Gabriel rimase ammutolito, sapeva cosa avrebbe significato tutto questo. Eméline che aveva capito l'imbarazzo di Gabriel aggiunse:

«Sei stato l'unico uomo sino ad oggi che non mi abbia trattato come una schiava e che anzi, mi abbia fatto sorridere.»

«Sei sicura di quello che dici?»

«Si.» rispose Eméline con gli occhi luccicanti.

«E se mio fratello lo scoprisse? Sarà una sorte ancora peggiore del matrimonio.»

«Farò in modo che non se ne accorga, saprò fingere come solo una donna può fare.» disse questo con le lacrime agli occhi.

«Ho paura lo stesso, mio fratello è molto furbo...»

«La mia voglia di poter decidere chi sarà a cogliere la mia rosa è superiore a qualunque paura, quest'ultima notte da donna libera Gabriel, voglio viverla con te.»

Quelle parole furono allora più che sufficienti per Gabriel che fece scivolare delicatamente la mano sotto la sua camicia da notte per poi assaporare per la prima volta il corpo di una donna. Per Gabriel fu un esperienza indimenticabile. Per Eméline dolorosa, ma il suo desiderio di libertà le concesse di trovare nel suo stesso sangue la gioia di aver scelto come e quando diventare donna. Un raggio di luna illuminava i due corpi che dopo l'amplesso, erano rimasti l'uno sopra l'altro incollati senza muoversi.

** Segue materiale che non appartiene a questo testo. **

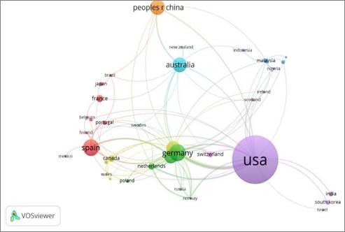 En la Figura 3, se puede observar que Estados Unidos, que forma parte del clúster morado, es el país de los autores con mayor presencia en las publicaciones realizadas con autores de diversos países. Las instituciones estadounidenses están más conectadas y se entiende que son las más influyentes en las investigaciones sobre habilidades blandas en educación, lo que puede evidenciar su liderazgo y reconocimiento en el campo. En esa línea, el segundo clúster verde está representado por instituciones alemanas que colaboran con Rusia, Países Bajos, Noruega, entre otros.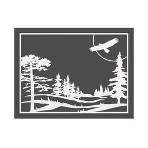Quadro Decorativo Branco Mdf Paisagem Noturna Aguia 40X20Cm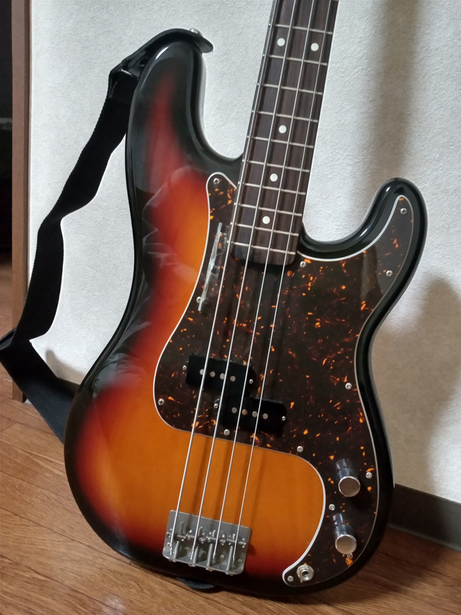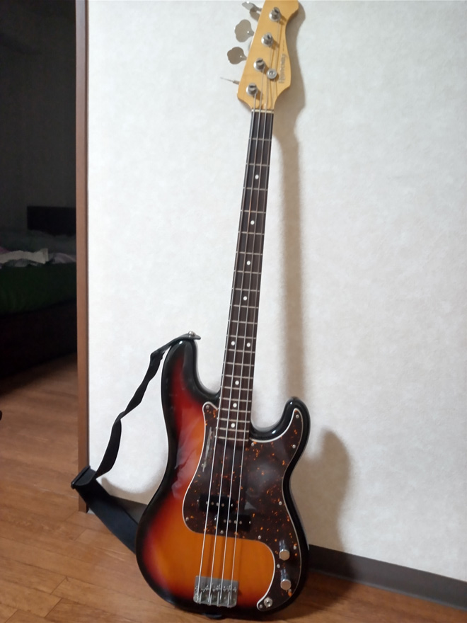 その後、色々楽器としてのベースぉ考える中で『できるだけシンプルに1v,1T位のモノが自分に合っている』と結論。選んだベースは最もスタンダードのPBモデル。フルスケールで20フレット、太いネックで運指も大変!。ショートスケールモデルとはえらい違いですが、五臓六腑に染みる落ち着いた低音に癒やされる日々です。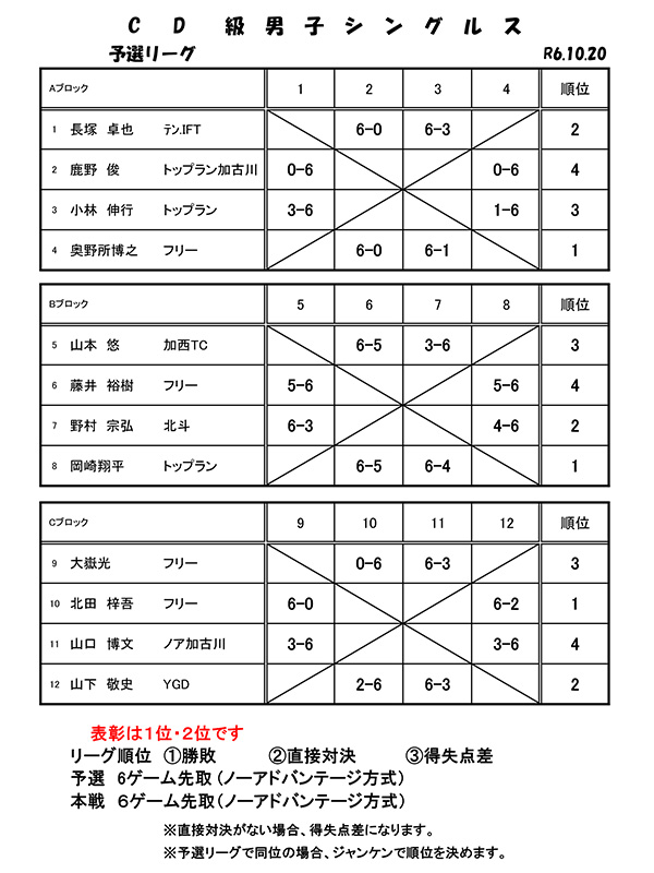 10/20 CD級男子シングルス大会結果 2024 10/25 大会結果 2024年10月25日 目次CD級男子シングルス大会(2024年10月20日開催) 2024年10月20日(日)、トップランテニスカレッジ石守校にて、加古川オープンサーキット「CD級男子シングルス大会」が開催されました。結果は以下の通りです。皆様、お疲れ様でした。 大会結果 10/13 グリーンボール大会結果 11/3 オレンジボール大会結果 関連記事 11/24 初心級男子シングルス大会結果 2025年11月26日 11/21 初心級女子ダブルス大会結果 2025年11月26日 11/8 BC級男子シングルス大会結果 2025年11月13日 11/3 CD級男子シングルス大会結果 2025年11月5日 10/11 初心級男子シングルス大会結果 2025年11月5日 9/28 CD級男子シングルス大会結果 2025年9月29日 9/20 BC級男子シングルス大会結果 2025年9月24日 9/15 CD級男子シングルス大会結果 2025年9月24日

«Grazie Gabriel.» disse Eméline commossa.

«Adesso sono veramente libera.» disse ancora sentendo sciogliersi un nodo alla gola.

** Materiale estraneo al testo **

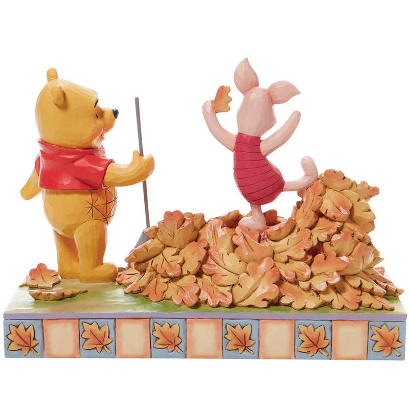Disfruta de la dulzura del otoño con esta encantadora figura de los personajes clásicos de *Winnie the Pooh*. Inspirada en los entrañables momentos de la serie de Disney y diseñada por el renombrado artista Jim Shore, esta pieza captura la calidez y alegría de la estación. Con una altura aproximada de 14 cm, la figura está meticulosamente elaborada en poliresina y pintada a mano, fusionando la magia de las creaciones de Walt Disney con el distintivo estilo Heartwood Creek de Jim Shore. En esta escena detallada, Winnie the Pooh rastrilla con esmero una montañita de hojas mientras Piglet, lleno de emoción, se prepara para saltar sobre ellas. Una obra que no solo destaca por su belleza artesanal, sino también por evocar los momentos más tiernos y nostálgicos de estos personajes queridos.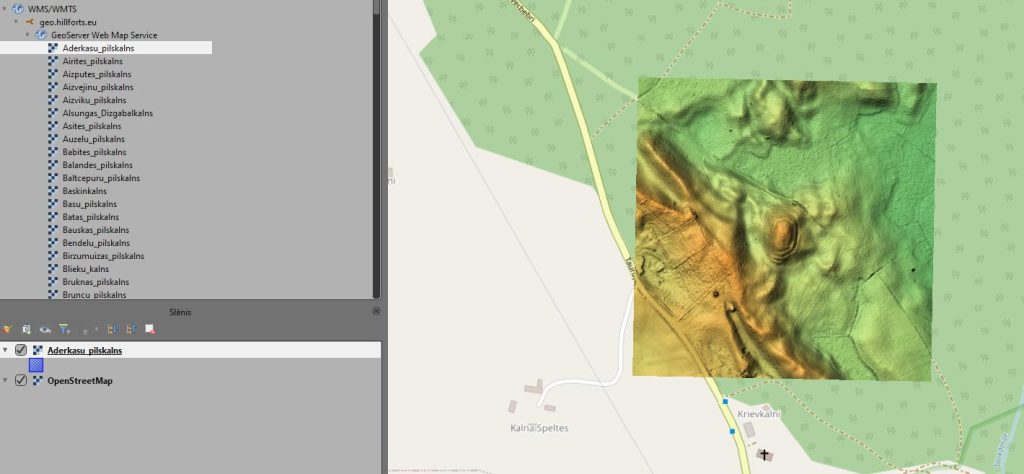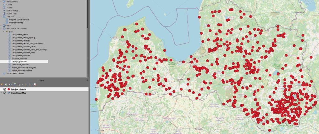 At the time of writing, the service contains coordinates and metadata of the Baltic hillforts, objects surveyed by the “Cult Identity” project, as well as georeferenced TIFF images of hillforts in some Latvian regions.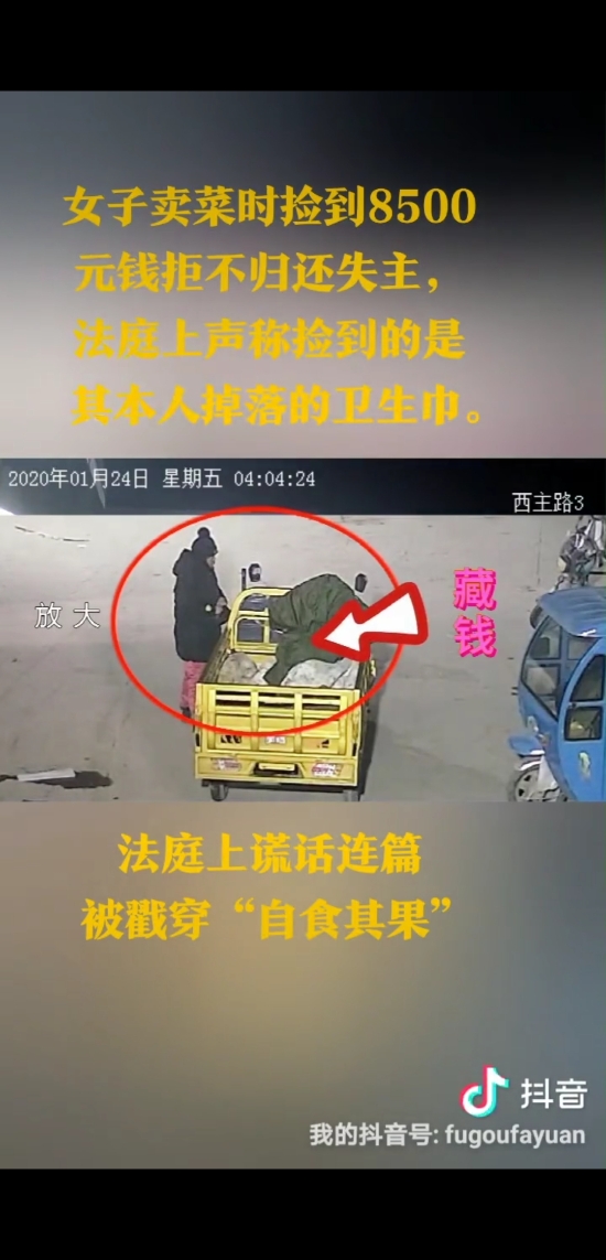 庭審中,面對監(jiān)控錄像顯示楊某彎腰撿拾錢款的畫面,楊某本人百般抵賴、謊話連篇,拒不承認(rèn)撿到錢款。當(dāng)法官詢問楊某如何解釋監(jiān)控畫面中顯示其撿到了白色包裹時,楊某居然說是彎腰撿東西了,但撿的不是錢,撿的是她自己的衛(wèi)生巾。法官再次向楊某告知當(dāng)事人作虛假陳述的后果及應(yīng)當(dāng)承擔(dān)的法律責(zé)任,楊某仍一口咬定撿到的不是錢,撿的是衛(wèi)生巾。法官遂傳喚現(xiàn)場目擊證人出庭作證,兩名證人依法進(jìn)行了法庭宣誓,明確表示見到了楊某撿起地上一包錢并放入其本人包中的行為。此時,原告又提交了一份錄音證據(jù),法官予以當(dāng)庭播放。錄音清晰顯示,楊某在電話中曾經(jīng)承認(rèn)1月24日早上撿到錢款的行為。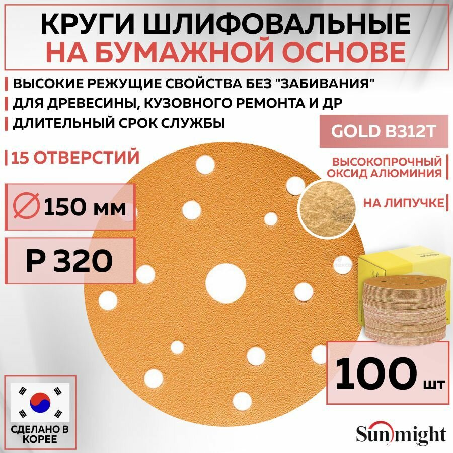 Купить 44314 Шлифовальный абразивный круг SUNMIGHT GOLD B312T, диск на липучке 150 мм, P320, 15 отверстий, 100 шт кругов/упак. с доставкой по всей России. 44314 Шлифовальный абразивный круг SUNMIGHT GOLD B312T, диск на липучке 150 мм, P320, 15 отверстий, 100 шт кругов/упак.: сравнение цен, характеристики, фото, актуальное наличие и цены.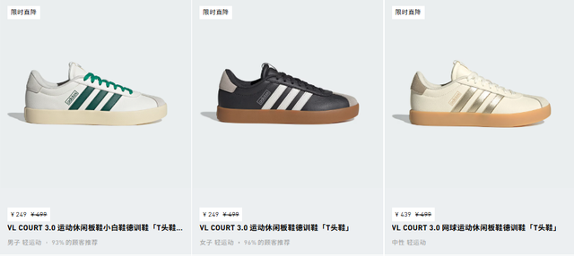 毫無疑問,Samba是促使阿迪翻身的主力產品,而其定價維持在1000元以下,促銷折扣下,部分款式可達300-600元一雙,威脅斯凱奇舒適價格帶;其平替版本VL COURT系列也乘勢而起,200-500元的主力區間,直接殺入斯凱奇的舒適區。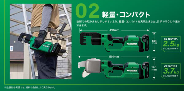 狭所での取りまわしがしやすいよう、軽量・コンパクトを実現しました。片手でラクに作業ができます。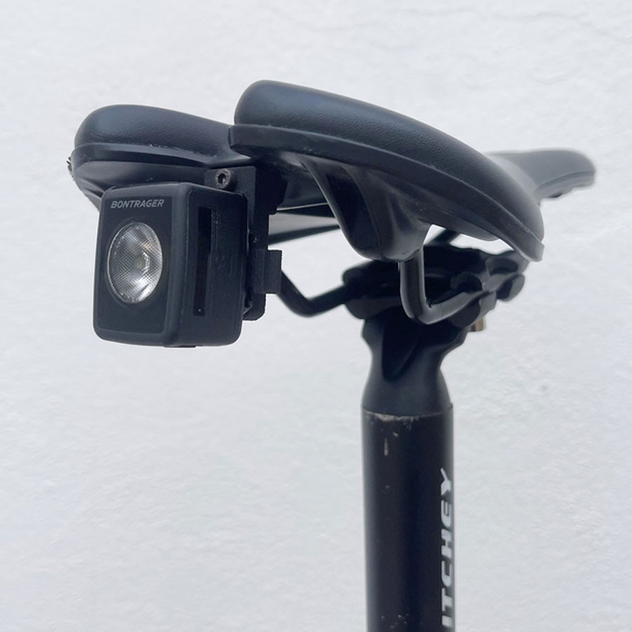 Soporte para colocar una luz Bontrager Ion o Flare en un sillín Giant con sistema de montaje uniclip.

«Vuoi sentire una melodia che ho composto qualche giorno fa?»

«Si, certo.» rispose Eméline sorridendo.

Solo allora Gabriel si alzò dal letto per cercare il suo flauto. Trovato lo strumento si sedette di nuovo sul letto e prima che incominciasse a suonare sentì le braccia sottili di Eméline scivolargli attorno. Il suo corpo era sottile e la sua pelle chiara, l'esatto opposto vista la muscolatura di Gabriel e la sua pelle scura, così abituata al sole e all'aria aperta. Prima di appoggiare le sue labbra allo strumento le fece scivolare sul collo di Eméline che chiuse gli occhi in una ventata d'estasi.

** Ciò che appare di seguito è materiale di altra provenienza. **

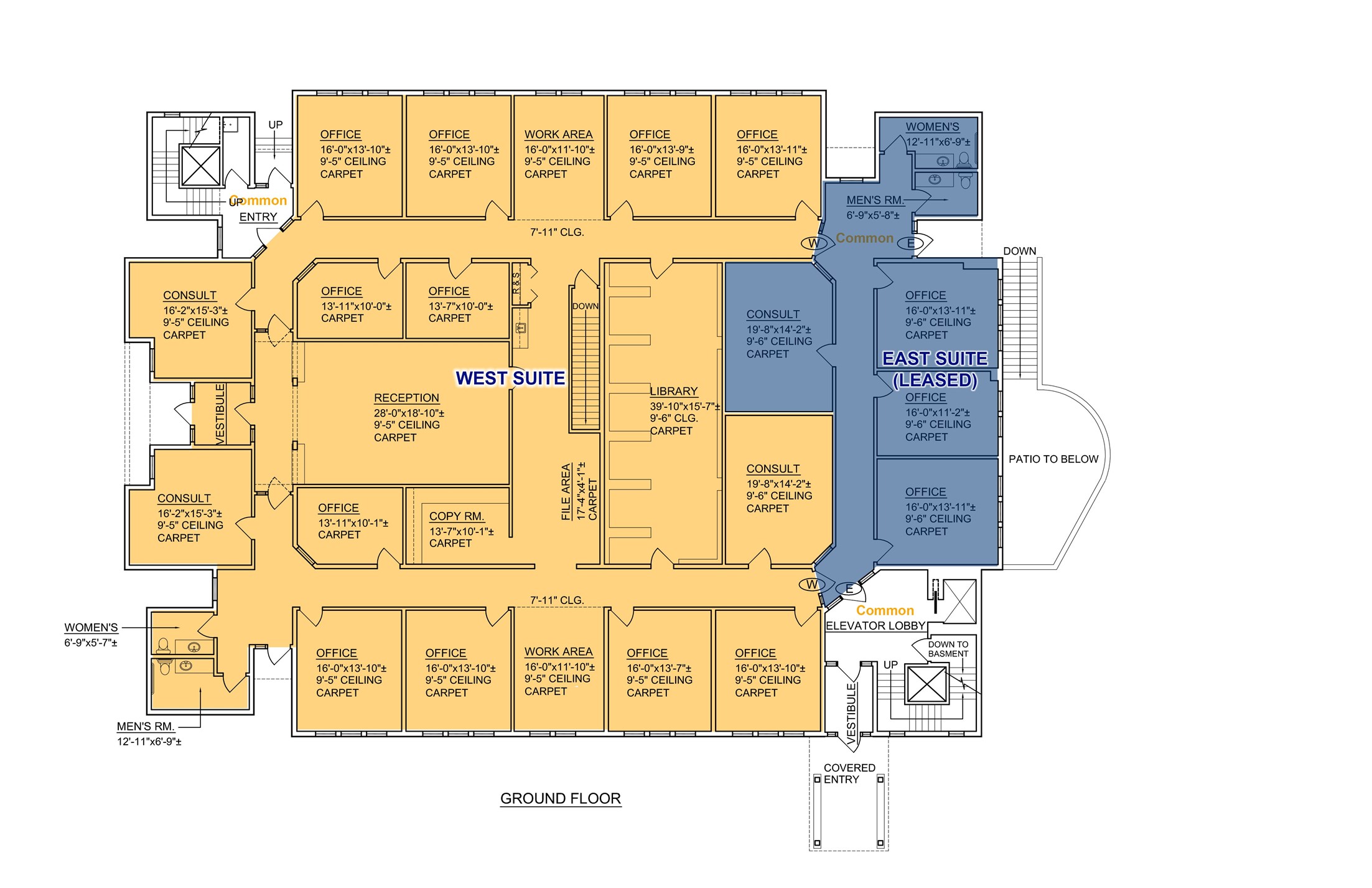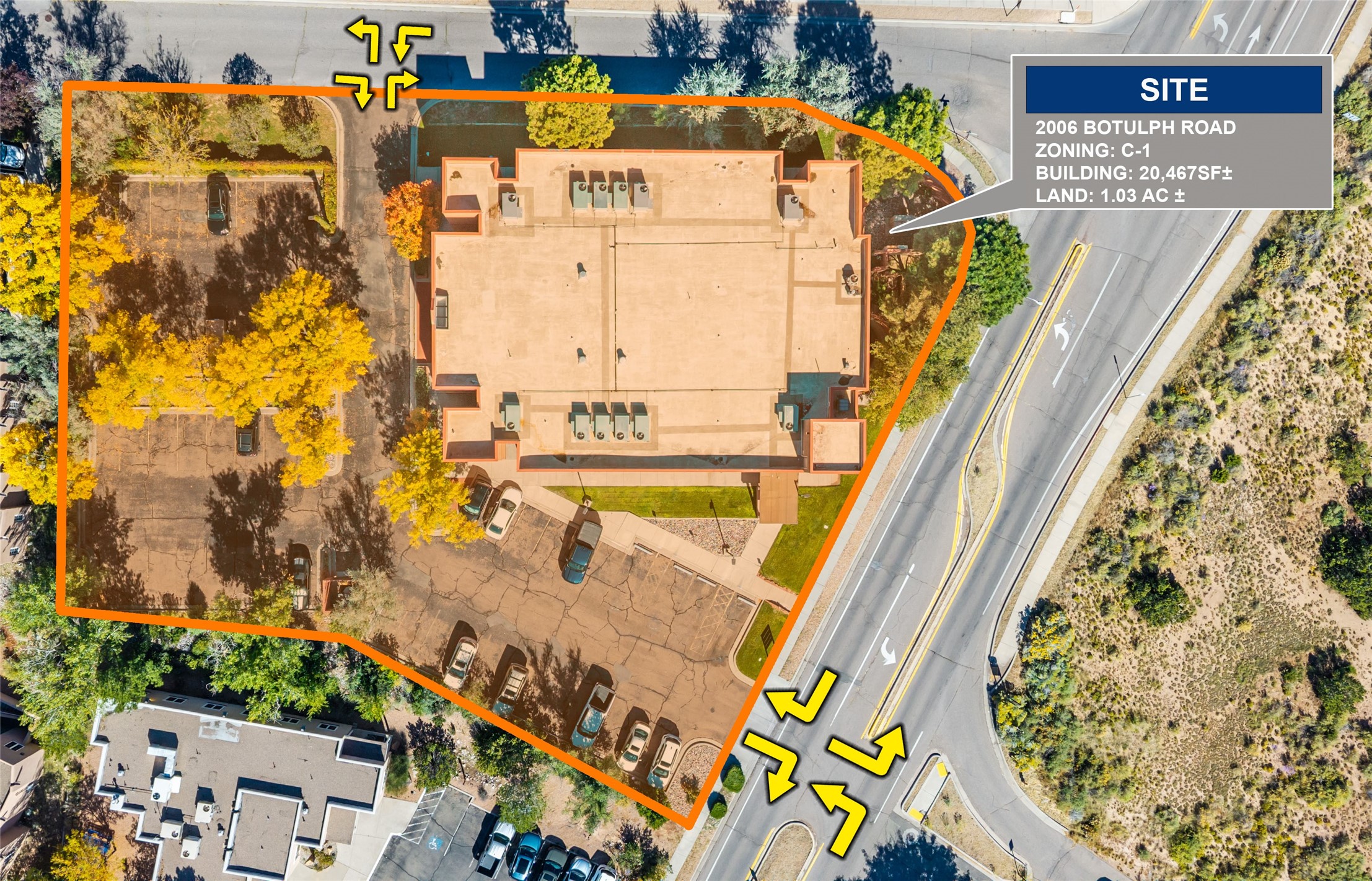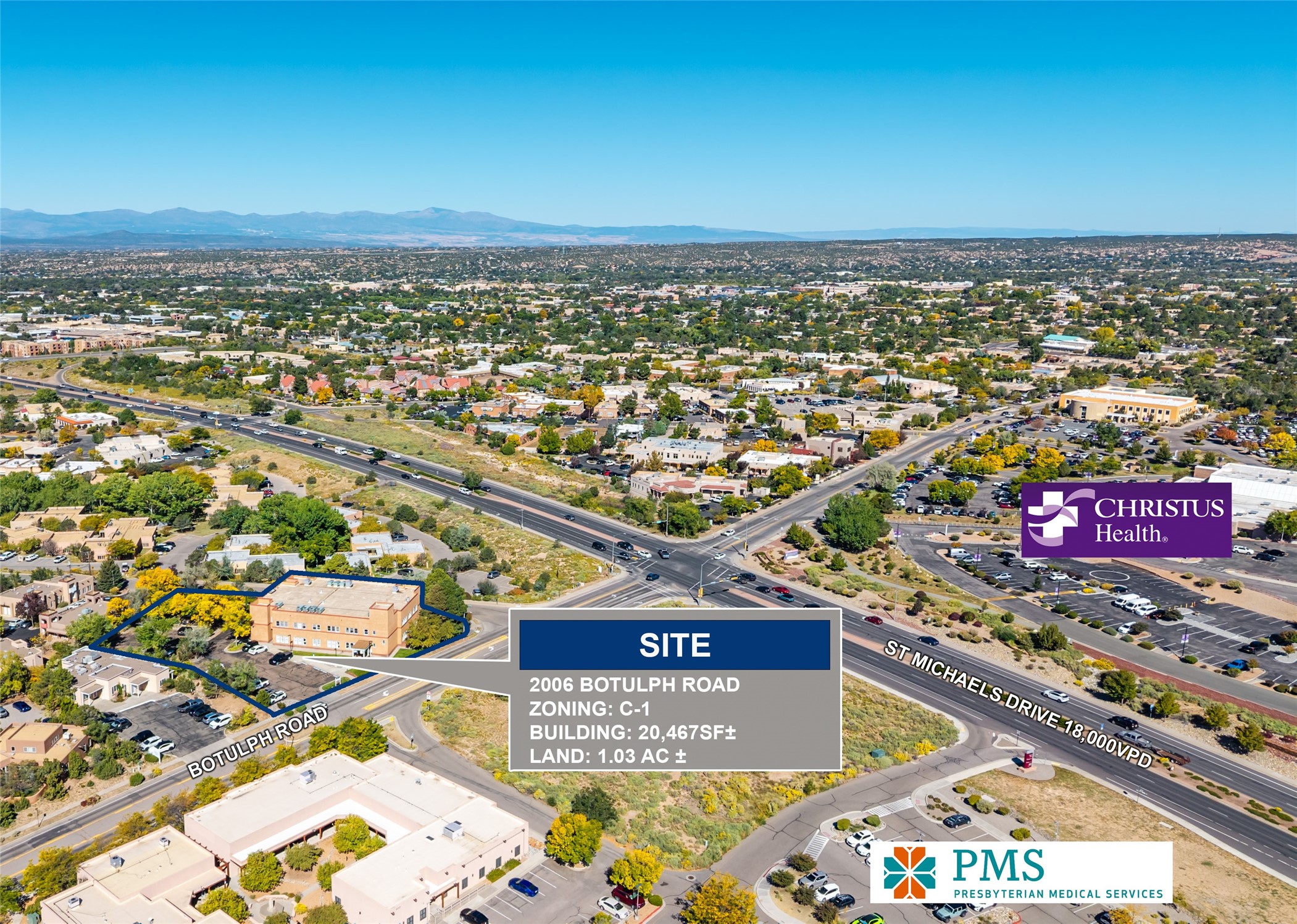 Premium ground floor office space and basement storage/lounge area for lease, offered triple net. Currently occupied by Catron Catron Glassman law offices. The Catron Building at 2006 Botulph Road is a well-located, two-story professional office property in the heart of Santa Fe's medical and business corridor. Offering 20,467 square feet on 0.90 acres, the building provides flexible suite configurations, excellent natural light, ADA-accessible restrooms, and elevator service. The property is ideal for medical, dental, behavioral health, administrative office, or professional services users. Currently, the building offers a balanced mix of leased suites and 11,323 RSF of vacancy, allowing versatile pathways for owner-users, investors, or businesses seeking a full-building HQ near Christus St. Vincent Hospital, St. Michael's Drive, and I-25. A fresh asphalt overlay, restriped 54-space parking lot, and mature landscaping make this an attractive and functional home for a wide range of professional uses. Zoning is C-1, permitting a variety of commercial and office applications. LOCATION: Situated just off St. Michael's Drive, this property offers seamless access to Santa Fe's medical hub, downtown, Hwy 285, and I-25. The immediate area includes medical clinics, law firms, financial services, and professional offices. The location serves both local residents and the region's robust healthcare community.

«...Gabriel...» disse sottovoce.

Fu allora che incominciò una dolce melodia, suonata con così poco fiato che la si poteva sentire a malapena a pochi metri di distanza. Eméline seguiva le note di Gabriel toccandogli il petto mentre lui continuò imperterrito a suonare.

«Addio Gabriel...» disse dopo pochi minuti Eméline. Gabriel smise di suonare e rimase in silenzio a fissare il vuoto.

«Da domani non sarò più me stessa, ma grazie per la libertà che mi hai donato stasera.»

Gabriel cercò qualcosa da poter dire ma non trovò nulla.

«Non posso fare niente per oppormi a questo triste destino, lo accetterò in silenzio.» disse Eméline rattristata.

«Mi dispiace.» disse Gabriel.

«Adesso forse è meglio che tu vada.»

Gabriel, con un nodo alla gola si girò e l'abbracciò un'ultima volta, stringendo la sua testa sul suo petto. Eméline non disse più nulla e si infilò tra le lenzuola di seta. Gabriel, per non correre il rischio di farsi male uscì dall'interno del palazzo e svicolò tra i corridoi senza farsi scoprire. Era una sensazione mista tra dolcezza e amarezza quella che lo pervase mentre cercò, invano, di prendere sonno.